Paul McCarthy, Tomato Head (Green), 1994.

Paul McCarthy, Tomato Head (Green), 1994. Photo: Charles White / JW Pictures. Courtesy Jeffrey Deitch.

6. Paul McCarthy at Jeffrey Deitch, Los Angeles

Mixing high and low culture, Paul McCarthy is internationally recognized for his provocative performances, sculptures, installations, and films. He received a BFA in painting from the San Francisco Art Institute in 1969 and an MFA in film, video, and art from the University of Southern California in 1973. The Salt Lake City-born, Los Angeles-based artist taught for 18 years in UCLA’s New Genres Department, where he became an influential figure in contemporary art. By developing a working method akin to that of the Viennese Actionists, his genre of “painting as action” involved substituting paint with bodily fluids and food in his performances, videos, and installations, which brings us to Tomato Head (Green).

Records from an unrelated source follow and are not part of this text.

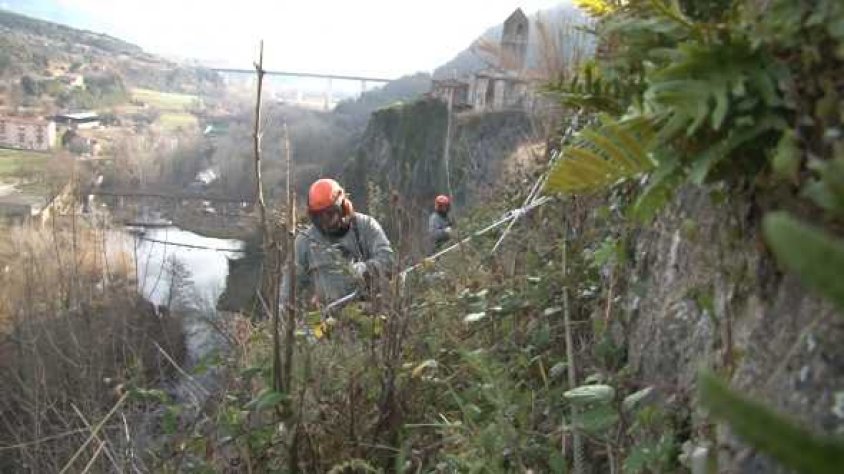 Els treballs de neteja selectiva de la vegetació del cingle de Castellfollit comencen amb les tasques més arriscades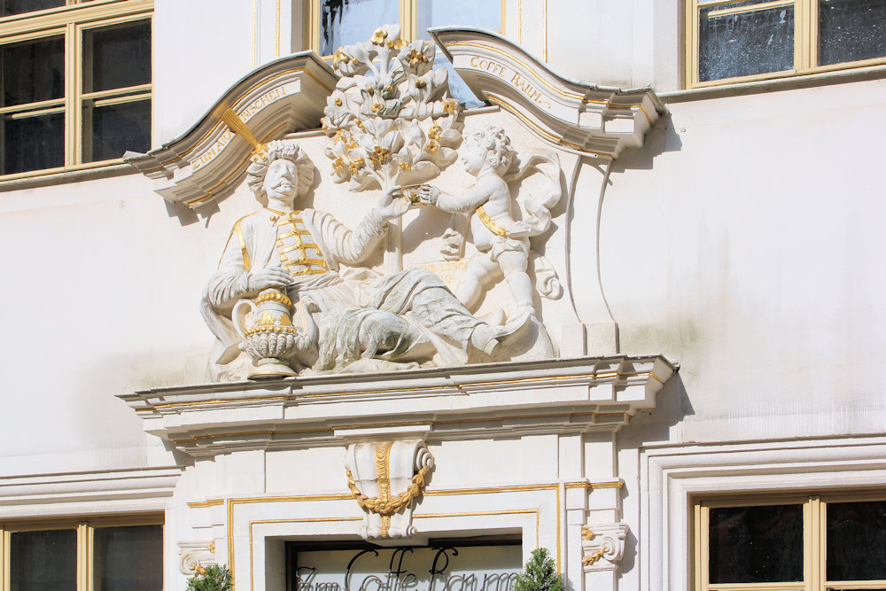 In Leipzig soll August der Starke eine Liaison mit der Wirtin des Kaffeehauses „Coffebaum“, Johann Elisabeth Lehmann, gehabt haben aus der auch ein Kind entstand. Da sich August zu Mutter und Kind nicht bekennen konnte, soll er der Wirtin die Portalplastik geschenkt haben.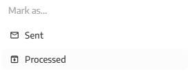 Within the document, the drop-down menu at the top will give us the options to mark our documents as SENT and PROCESSED.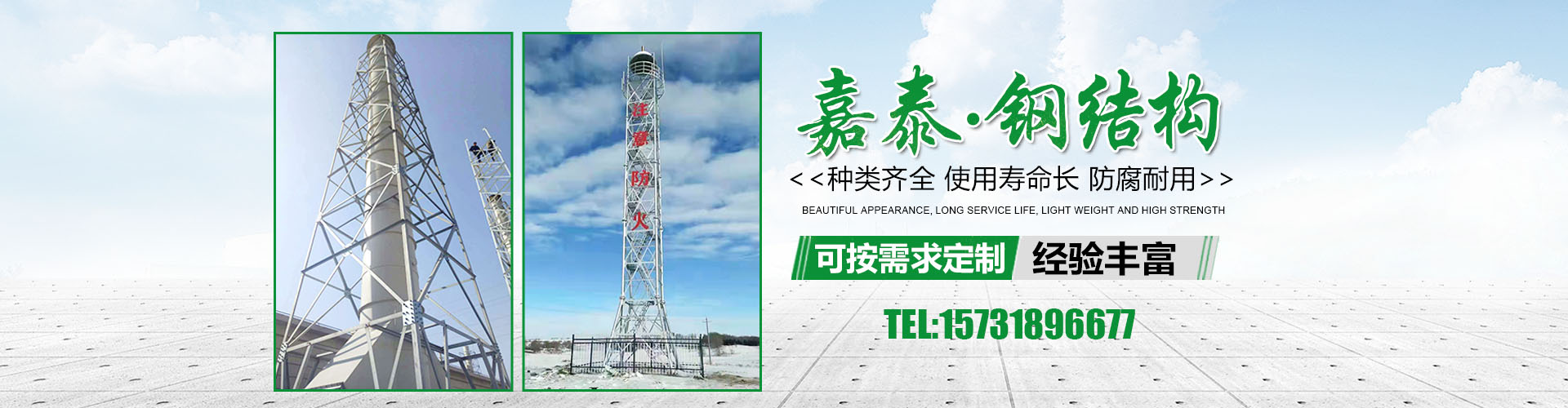 衡水嘉泰鋼結(jié)構(gòu)有限公司位于鐵塔制造之鄉(xiāng)-衡水市景縣廣川經(jīng)濟(jì)開發(fā)區(qū),石德、京九鐵路交匯處,距北京、天津、石家莊、濟(jì)南均在2小 時交通圈內(nèi),交通便利。公司主要產(chǎn)品有:避雷塔、監(jiān)控塔、瞭望塔、消防訓(xùn)練塔、電力架構(gòu)、樓頂工藝塔、廣播電視塔、煙囪塔、測風(fēng)塔 、電力塔、單管塔、雷達(dá)塔、仿生樹塔、氣象觀測塔、路燈桿,一體化基站、ETC龍門架等,是一家集設(shè)計(jì),生產(chǎn),運(yùn)輸,安裝,維護(hù)為一體的廠家。主要服務(wù)于鐵塔公司、通信三大運(yùn)營商、國防通訊,鐵路及森 ......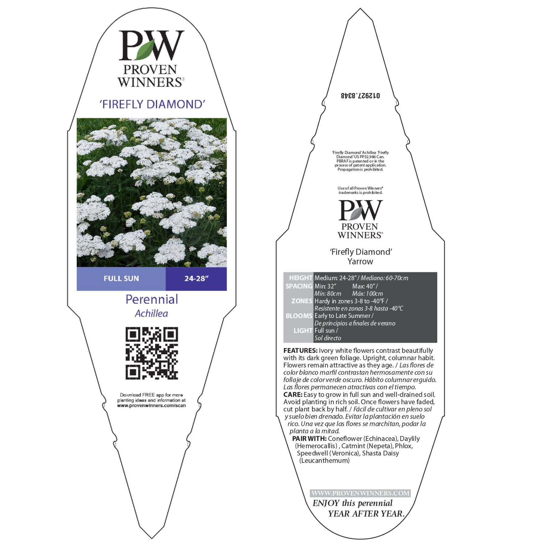 ‘Firefly Diamond’ Yarrow is a beautiful and versatile perennial that enchants with its delicate ivory-white flowers, blooming continuously throughout the summer. Its dark green foliage provides a stunning backdrop, creating a striking contrast to the blooms. Known for being easy to grow, this hardy plant thrives with minimal effort, while its fragrant flowers add a lovely scent to any garden. Perfect for borders, landscapes, or as a vibrant addition to cut and dried flower arrangements, ‘Firefly Diamond’ is an excellent choice for both seasoned gardeners and beginners alike.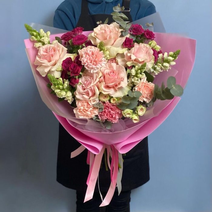 Гвоздики, Кустовые розы, Лизиантусы, Пионовидные розы, Розы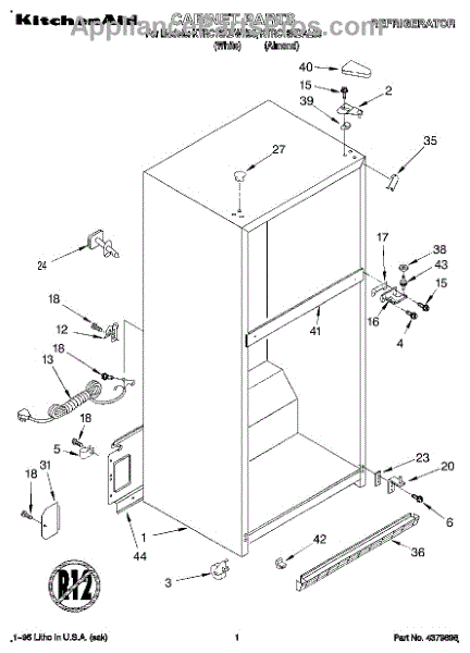Parts for Kitchenaid KTRC18KDAL00: 01 - Cabinet Parts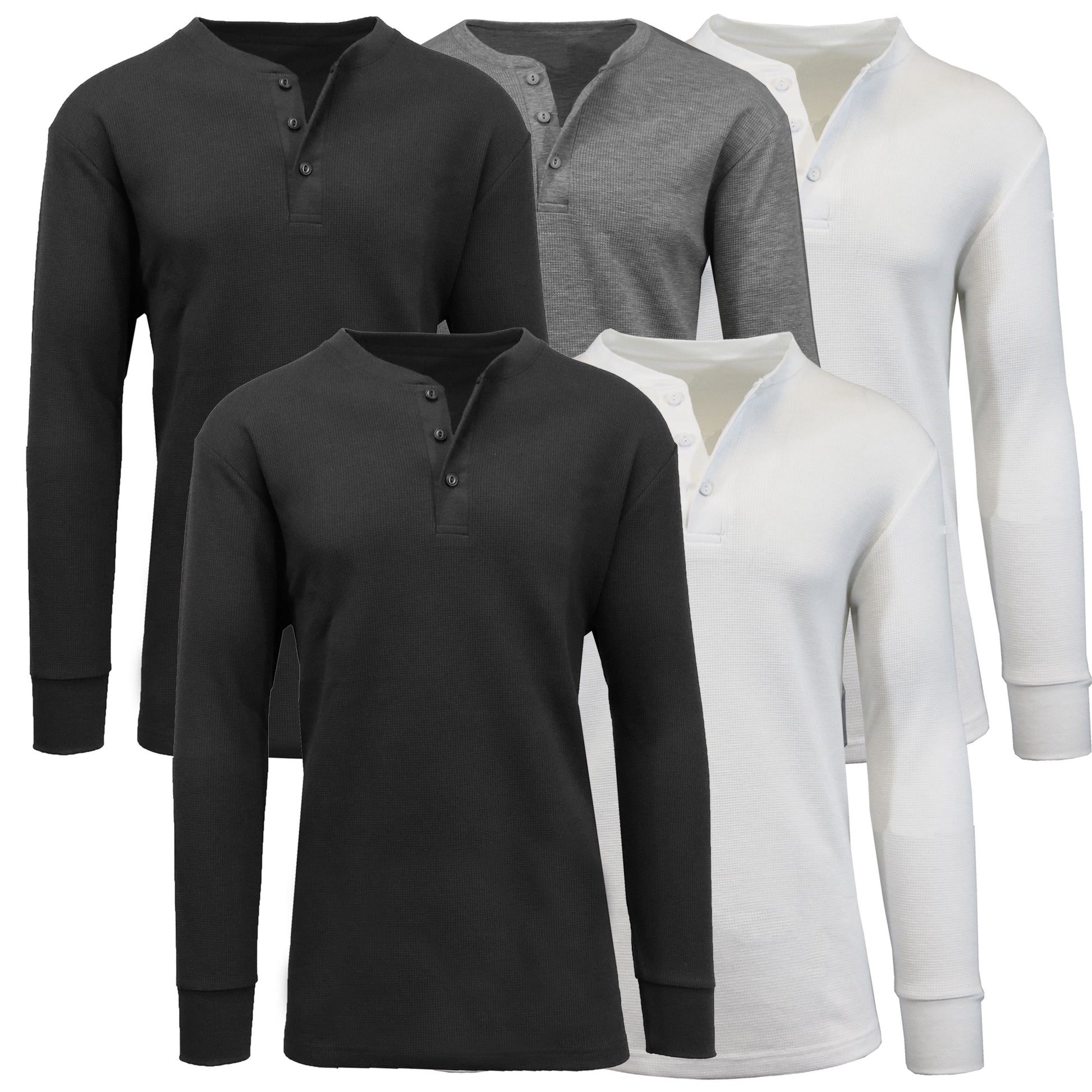 5-Pack Men's Thermal Shirts - Waffle Knit Henley & Crew Neck Styles, Long Sleeve, Soft & Warm Layers for Winter
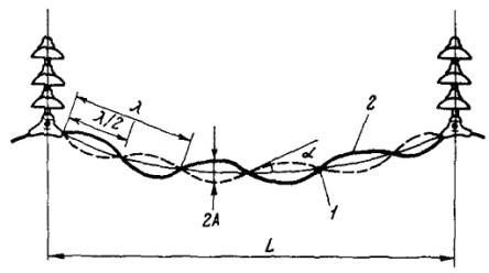 Oscillation) называются вызываемые ветром периодические колебания горизонтально расположенной (или занимающей положение, близкое к горизонтальному) пары проводов расщепленной фазы (расщепленных грозозащитных тросов), происходящие с одной или несколькими полуволнами на участках (называемых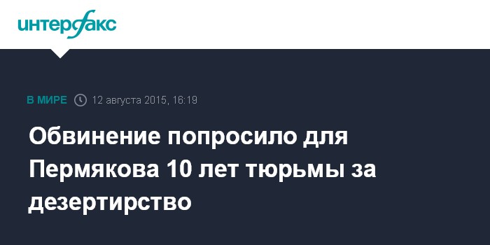 Москва. 12 августа. INTERFAX.RU - Гособвинение по делу о дезертирстве и хищении оружия, по которому проходит рядовой Валерий Пермяков, попросило военный суд приговорить подсудимого к 10 годам лишения свободы.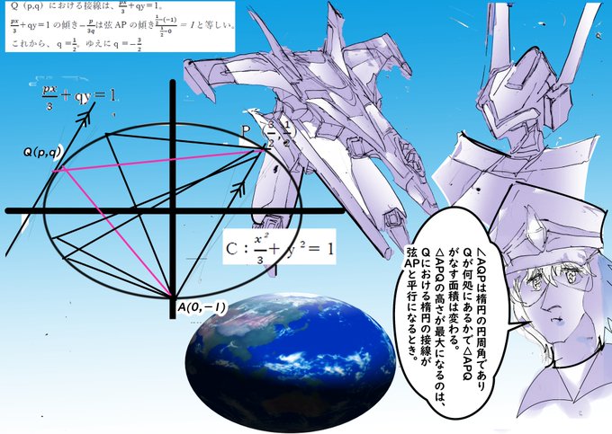 #みんなで楽しむTwitter展覧会 #WorldA_RT #マクロスΔ #YF29ブルーデュランダル #マクシミリアン #マクロスデルタ #マックス 楕円の円周上の点Qの接線が残りの円周上の点A,Pを通る直線と平行になるとき。接点(p,q)における接線px/3+qy=1の傾き-p/3qは弦APの傾きに等しいことからp、qを求める。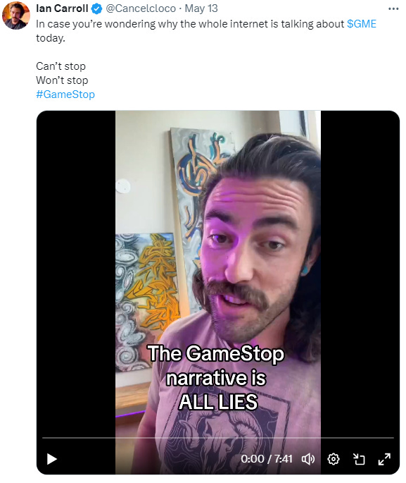 Another account you guys should follow is @Cancelcloco on X he does a lot of great research into subjects that many won’t explore on their own in regards to the who what and where behind a lot of things in our system. I don’t always agree with things but the research is in depth and informative. Here is a link if you have X to watch his post on GameStop the other day IanCarroll@Cancelcloco on GameStop

Described as “a lifesize comic figure exploring the relationship between modern culture, consumerism, and innocence,” Tomato Head pays homage to Mr. Potato Head, the first toy ever advertised on television, which symbolizes the new consumer-driven era in America to the artist. Unlike Mr. Potato Head, which featured plastic body parts, a hat, and objects to insert into limb and facial holes, McCarthy’s tomato character also has holes in its private areas. The items that can be plugged into these holes are also more diverse, including rakes, shovels, hoes, penises, and vaginas—making it both more sinister and gender-fluid. Accompanied by a series of studies and a related sculptural edition, this work was shocking when first exhibited but seems to resonate more with today’s times.

Through February 8

Sarah Lee, New Moon over the Dune, 2024.

Sarah Lee, New Moon over the Dune, 2024. Photo: Courtesy the artist and Anat Ebgi

7. Sarah Lee at Anat Ebgi, Los Angeles

Creating imaginary landscape paintings that transport viewers to surreal sights, Sarah Lee earned her BFA and MFA degrees from the School of the Art Institute of Chicago, leaving college in 2017. Ranging from medium to large-scale, the nine mystical paintings in her exhibition “Quiet Days” present a new moon shining over dunes,  a north star charting a path through vibrant mountain peaks, a path through the snow leading to a forest lit by sparkling stars, and other calming, transcendental scenes. Uninhabited by people or animals, the Korean-born, New York-based artist’s sublime scenes invite solitude, where quiet days transform into quiet nights and the problems of the outside world gradually fade away.

Through January 11

Brian DeGraw, Madonna and Child, 2024.

Brian DeGraw, Madonna and Child, 2024. Photo: Paul Salveson. Courtesy the artist and James Fuentes

8. Brian DeGraw at James Fuentes, Los Angeles

A New York-based visual artist, DJ, and musician who is the keyboardist in the avant-garde American band Gang Gang Dance, Brian DeGraw makes art in a way related to how he makes music. As a musician, he uses a Roland SP555 Sampler, a device for DJs, producers, and musicians to sample and remix various sounds. As a visual artist working across diverse media, DeGraw sources imagery from various styles and realms before transforming it through sketches, sequencing, and innovative combinations to create something new. For his exhibition SP555, appropriately titled after his sound composition tool, he made all 14 paintings on view in the same 24 by 30-inch format, yet each one is entirely different from the others. From autobiographical elements to references in art history and popular culture, what the mind samples, the hand creates.

Through January 18

Cover: Installation View, Paul McCarthy: Tomato Head, Jeffrey Deitch, Los Angeles.
Photo: Charles White / JW Pictures. Courtesy Jeffrey Deitch.